Personal downsides from the Ashes? Cummins would have liked to have been more productive with the bat. And he was also the poor sap whom Ben Stokes clouted to the rope to secure England’s farfetched win at Headingley.
“But in the end I’ve rationalised it by saying that was one of the greatest-ever Test innings and it was special to be a part of it.”

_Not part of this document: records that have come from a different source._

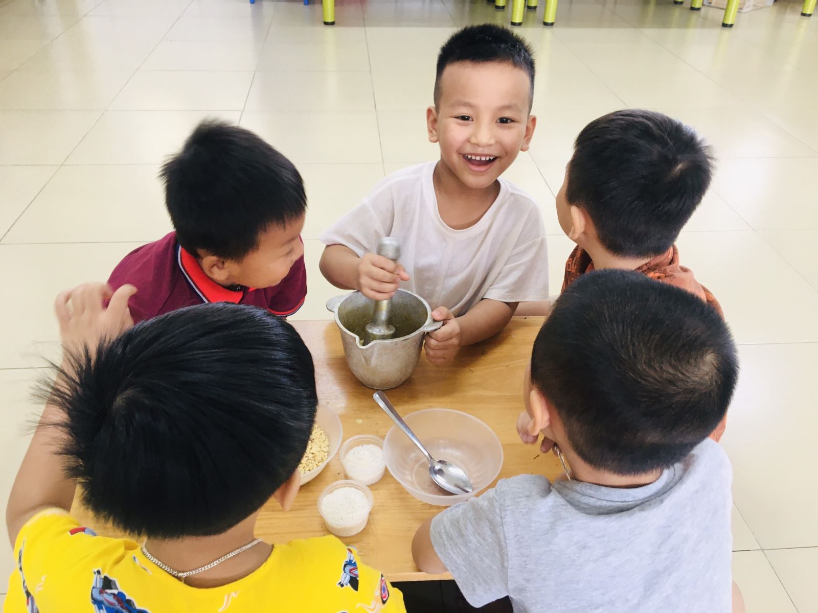 Đối với giờ học "Khám phá về củ lạc" của các bạn lớp mẫu giáo lớn, trẻ được tiếp cận về nhiều vấn đề cũng như khía cạnh xung quanh củ lạc. Trẻ cảm thấy vô cùng háo hứng và vui vẻ với hoạt động này. Trẻ được xem video về cách hình thành ra củ lạc, rồi làm sao lại có hạt lạc, trẻ được trải nghiệm hoạt động bóc lạc, bóc lạc sao cho dễ dàng và nhanh nhất, được giải thích tại sao lại có hạt lạc màu trắng, có hạt lạc màu đỏ, cách giã lạc làm vừng sao cho ngon, trộn muối với tỉ lệ như thế nào cho vừa để ăn không bị mặn hay nhạt quá, rồi bày, trang trí sản phẩm "cơm nắm muối vừng" của nhóm mình sao cho độc đáo nhất.
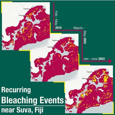 See the current bleaching event affecting Fiji here and other large-scale bleaching events from around the world.
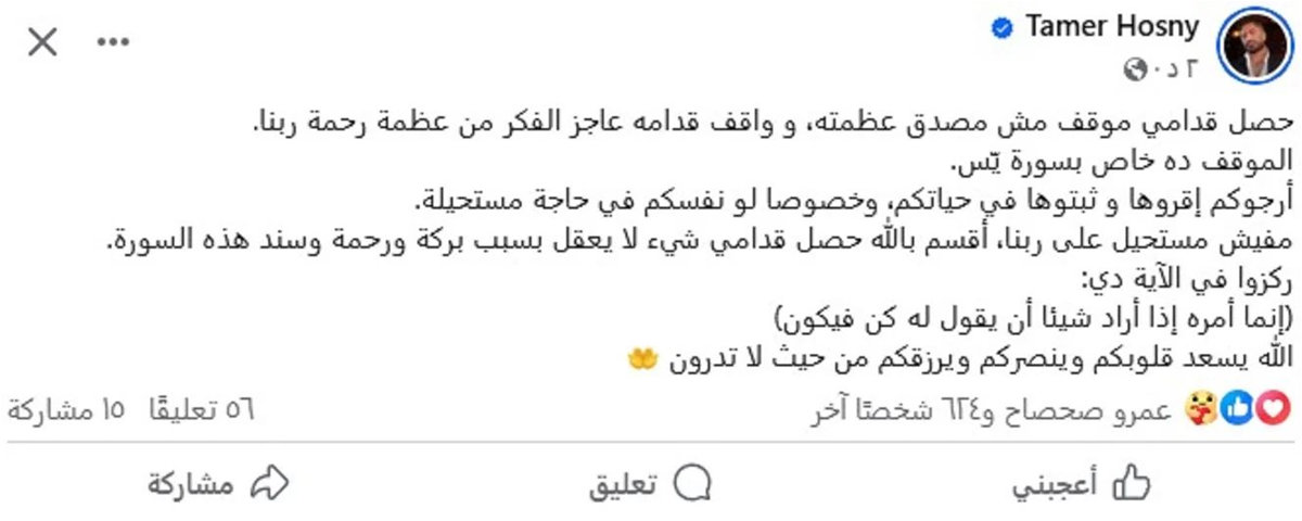 ووجه تامر نصيحة لجمهوره إذ قال: "حصل قدّامي موقف مش مصدّق عظمته، وواقف قدّامه عاجز الفكر من عظمة رحمة ربنا، الموقف ده خاص بسورة يّس".
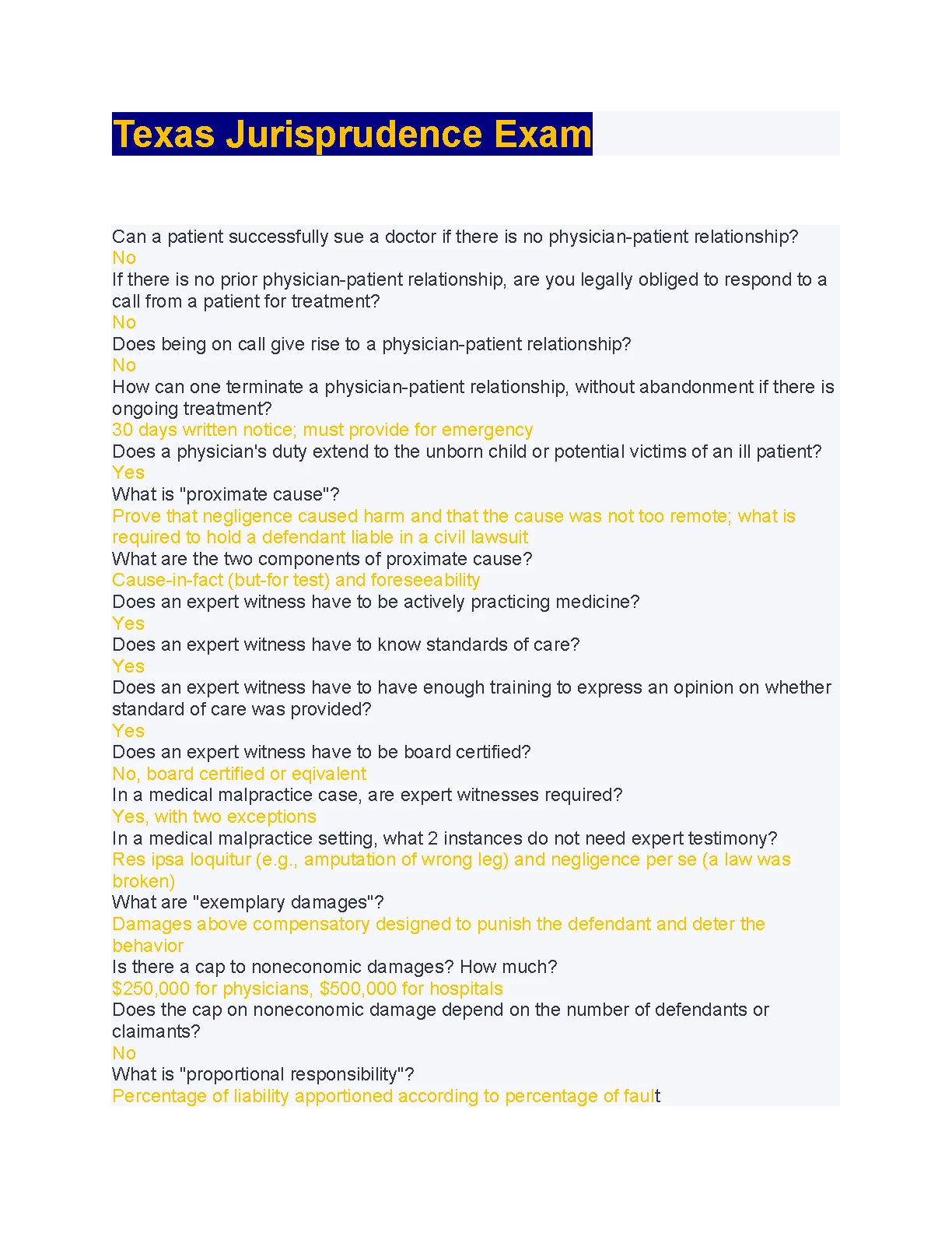 Texas Jurisprudence Exam BEST RATED SOLUTION FOR 2023/2024. DOWNLOAD on www.hackedexams.com INSTANTLY.
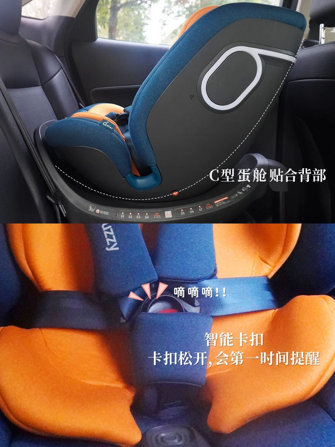 ✅以我家现在用的两只兔子智能安全座椅求知2Pro为例,C型蛋舱+仿母体结构,符合宝宝的脊柱发育,宝宝坐着舒服,也肯坐。安全上有i-Size E1严苛认证,ISOFIX硬接口+支撑腿抗翻转结构。
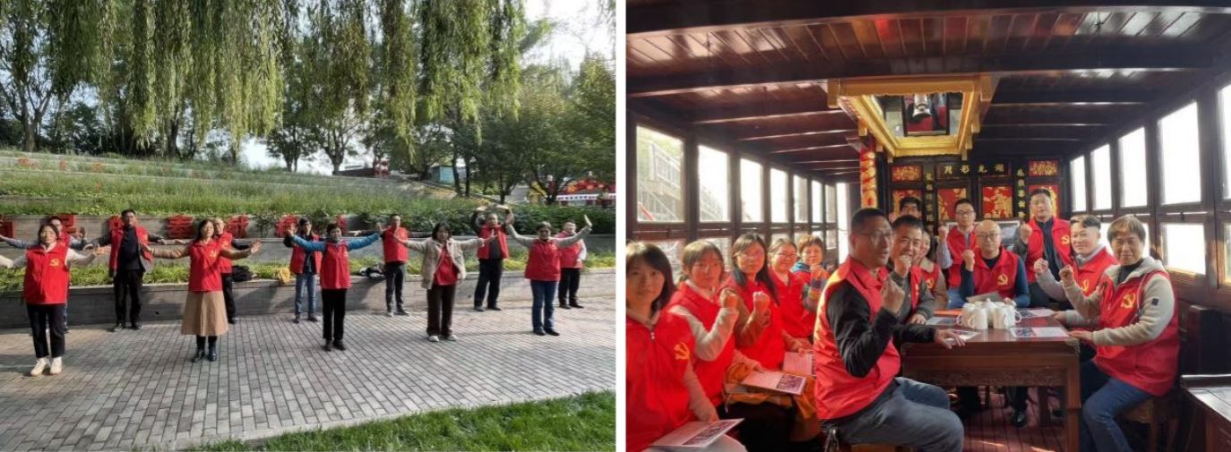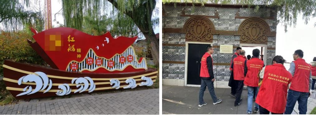 “两弹一星”的巨大成功离不开共产党的坚强领导和正确方针,集中举国力量办大事,批准巨额专款作支持,组织起全国各部门科技人才从白手起家,在短短数年间就获得了令世界惊叹的巨大成就,凸显了我国的制度优势。为了回顾我党伟大发展历程、领会新时代红色精神谱系,党员们又来到具有APEC会议和“一带一路”国际峰会背景的雁栖湖新时代文明实践基地。在“一大”会址、“南湖红船”、百年复兴之路的各复原场景中进行沉浸式学习体验。从开天辟地、敢为人先的“红船精神”,经过各个时期丰富发展出的“井冈山精神”“长征精神”“延安精神”“西柏坡精神”“大庆精神”“两弹一星”精神“改革开放精神”,再到开放包容、互利共赢的“丝路精神”,既一脉相承又与时俱进。党员们还积极实践了“习声回响”聆听总书记讲话、向金灯山英烈祭奠默哀、练习投掷手榴弹、红歌手势舞、排演“一大”会议情景话剧等形式多样的活动。
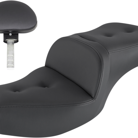 Caracteristicas: Tall Lumbar support and wide driver saddle support he back and legs for superior comfort, while the streamlined nose improves the rider's reach to the ground. Refined split-cushion design maximizes long-rand comfort by separating the seating surface from the lumbar support to reduce tailbone and back pressure. SaddleGel™ in front and rear reduces tailbone pressure and increases circulation and comfort for both driver and passenger. Genuine Pillow-top styling provides a luxurious look and ride. Made with pillow-top inserts and weatherproof, no-maintenance-required Saddlehyde™ Includes a fitted rain cover specially designed to protect seat from water and dirt. Matching passenger backrest/trunk pad completes the custom look (sold separately) Designed and made in the U.S.A.
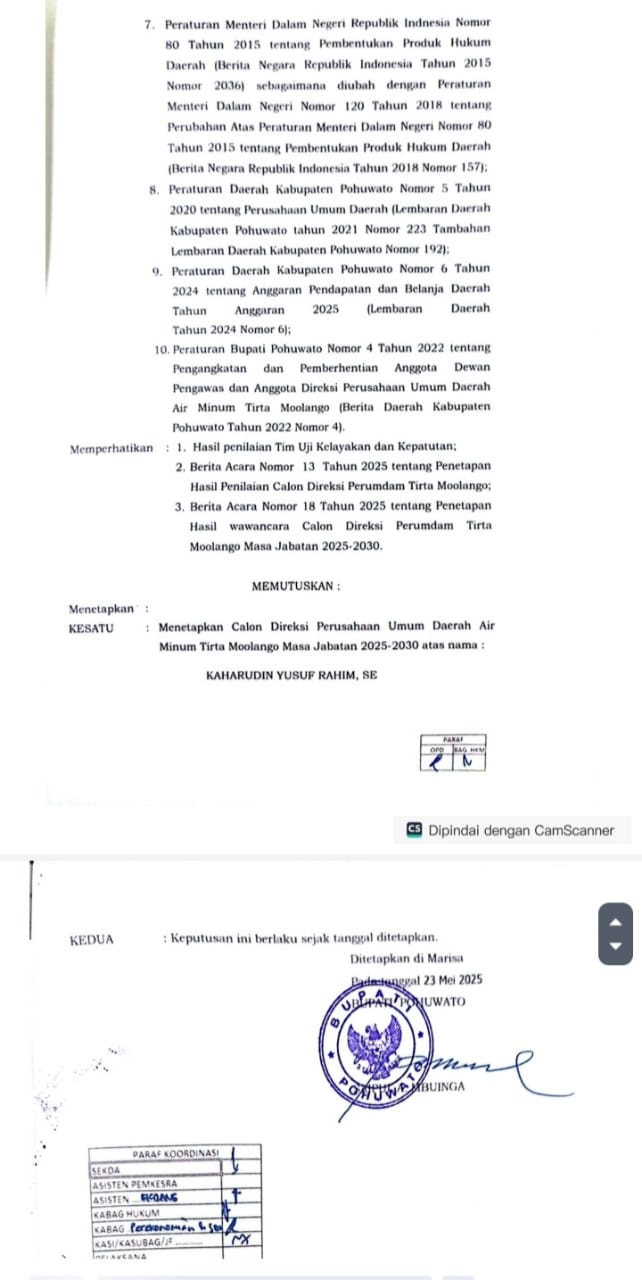 Namun apa yang terjadi salah satu peserta seleksi Saudara Kaharudin Yusuf Rahim, SE calon Direktur yang ditetapkan oleh Bupati Pohuwato berdasarkan Kepurusan Bupati Pohuwato Nomor. 196/01/V/2025 bahwa yang bersangkutan lahir tertanggal 01 Januari 1970 jika kita hitung umur yang bersangkutan Saudara Kaharudin Yusuf Rahim, SE sejak tanggal pendaftaran umurnya 55 tahun 3 bulan 27 hari.

There was an intriguing postscript to Cummins’ Ashes efforts. Reviewing the series, Wally Mason, sports editor of The Australian, put the case for Cummins as Australia’s next Test captain. Current skipper Tim Paine, Mason argued, had served his purpose but wasn’t really up to the job, while Cummins had the nous, character and killer instinct to do it well. Cummins says captaincy isn’t on his mind – he last led a team when he was 15. But in a career moving rapidly after those five years on hold, who knows what’s around the corner for the world’s best paceman?
NEED FOR SPEED
This Pat Cummins 3-round circuit will prime your lower body for explosive athletic performance.
1. FARMERS WALK
Grab a heavy dumbbell in each hand and walk for 30 metres.
2. SLED PUSH
Head down, arse up, push till it hurts.
3. MED-BALL SLAM
The key word here is “slam”. Lift, twist from the hips and waist, then slam!
4. GOBLET SQUAT
Holding the weight out front is gentler on your back. Rep it out, feeling the burn.
5. SINGLE-LEG PLATE RAISES
Looks a little precarious, we know. Start with a light plate. Or no plate at all.